§ WORK REQUEST
Please restate, exactly, only the lines from the beginning of the listing below through the line containing "Made in USA.", with the pictures left out.

§ EXCERPTED DATA

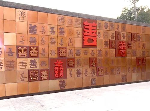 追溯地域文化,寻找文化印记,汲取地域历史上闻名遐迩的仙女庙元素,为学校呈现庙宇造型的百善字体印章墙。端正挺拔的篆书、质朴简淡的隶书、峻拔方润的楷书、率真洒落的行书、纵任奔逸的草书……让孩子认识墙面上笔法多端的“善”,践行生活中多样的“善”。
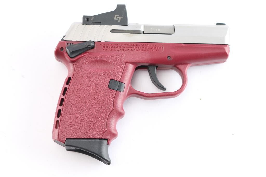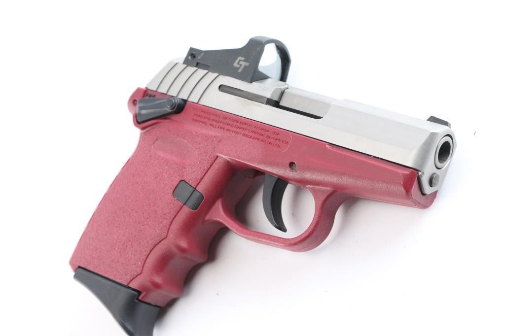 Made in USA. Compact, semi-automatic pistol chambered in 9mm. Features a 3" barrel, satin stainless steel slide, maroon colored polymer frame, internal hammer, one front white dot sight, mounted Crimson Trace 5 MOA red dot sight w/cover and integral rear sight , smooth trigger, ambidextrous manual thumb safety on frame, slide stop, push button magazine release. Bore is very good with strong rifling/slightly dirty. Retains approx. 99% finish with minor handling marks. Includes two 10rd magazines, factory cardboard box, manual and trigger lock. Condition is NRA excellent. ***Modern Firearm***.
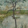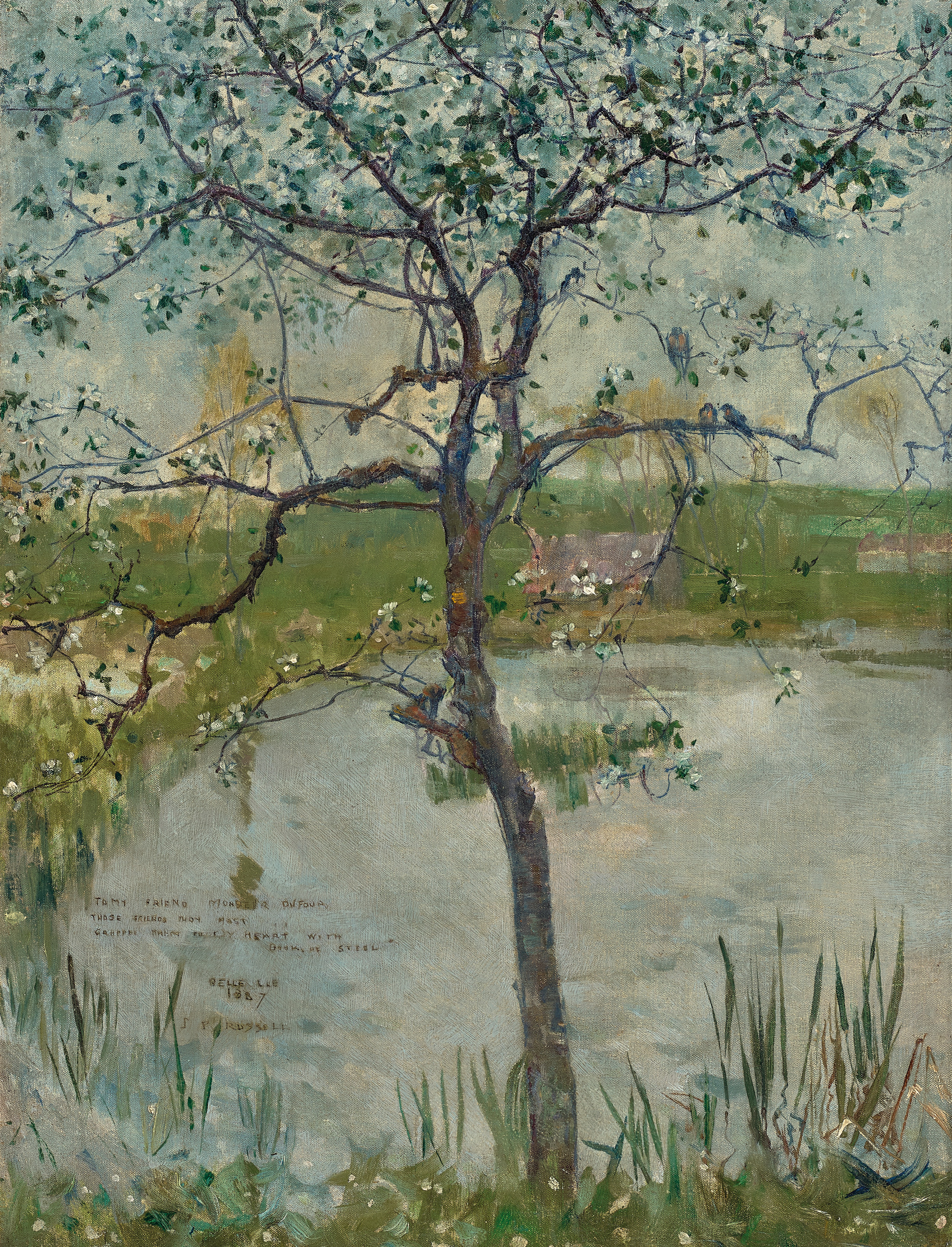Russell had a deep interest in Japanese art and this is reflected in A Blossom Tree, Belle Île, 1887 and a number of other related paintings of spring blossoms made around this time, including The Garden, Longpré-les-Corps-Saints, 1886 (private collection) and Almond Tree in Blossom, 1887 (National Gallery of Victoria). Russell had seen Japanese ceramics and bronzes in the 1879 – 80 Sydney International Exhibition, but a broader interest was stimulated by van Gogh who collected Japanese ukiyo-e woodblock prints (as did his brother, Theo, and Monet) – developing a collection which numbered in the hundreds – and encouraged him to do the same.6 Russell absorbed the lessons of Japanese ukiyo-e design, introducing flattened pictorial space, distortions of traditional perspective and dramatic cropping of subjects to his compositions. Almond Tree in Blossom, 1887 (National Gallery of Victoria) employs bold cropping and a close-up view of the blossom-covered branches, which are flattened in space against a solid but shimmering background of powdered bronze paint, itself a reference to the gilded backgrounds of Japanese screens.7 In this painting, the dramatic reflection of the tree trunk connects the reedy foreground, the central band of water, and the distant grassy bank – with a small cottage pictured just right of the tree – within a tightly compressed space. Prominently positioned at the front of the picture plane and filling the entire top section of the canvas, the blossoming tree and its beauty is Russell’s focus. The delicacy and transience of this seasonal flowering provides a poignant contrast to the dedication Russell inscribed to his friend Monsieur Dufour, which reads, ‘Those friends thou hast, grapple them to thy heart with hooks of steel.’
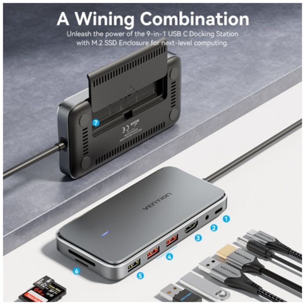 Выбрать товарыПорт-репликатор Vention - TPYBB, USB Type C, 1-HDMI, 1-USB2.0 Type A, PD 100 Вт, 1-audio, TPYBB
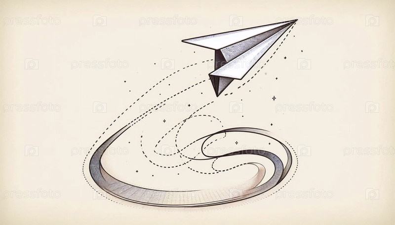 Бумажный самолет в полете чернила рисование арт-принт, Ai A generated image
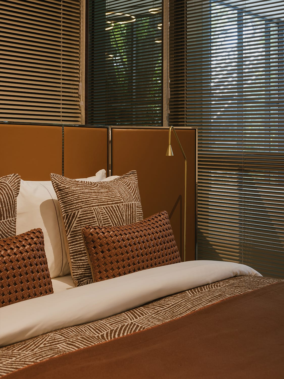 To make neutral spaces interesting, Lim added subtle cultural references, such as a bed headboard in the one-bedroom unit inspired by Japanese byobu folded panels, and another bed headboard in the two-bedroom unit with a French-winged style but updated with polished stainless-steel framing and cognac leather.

§ TASK OUTPUT
 追溯地域文化,寻找文化印记,汲取地域历史上闻名遐迩的仙女庙元素,为学校呈现庙宇造型的百善字体印章墙。端正挺拔的篆书、质朴简淡的隶书、峻拔方润的楷书、率真洒落的行书、纵任奔逸的草书……让孩子认识墙面上笔法多端的“善”,践行生活中多样的“善”。
 Made in USA. Compact, semi-automatic pistol chambered in 9mm. Features a 3" barrel, satin stainless steel slide, maroon colored polymer frame, internal hammer, one front white dot sight, mounted Crimson Trace 5 MOA red dot sight w/cover and integral rear sight , smooth trigger, ambidextrous manual thumb safety on frame, slide stop, push button magazine release. Bore is very good with strong rifling/slightly dirty. Retains approx. 99% finish with minor handling marks. Includes two 10rd magazines, factory cardboard box, manual and trigger lock. Condition is NRA excellent. ***Modern Firearm***.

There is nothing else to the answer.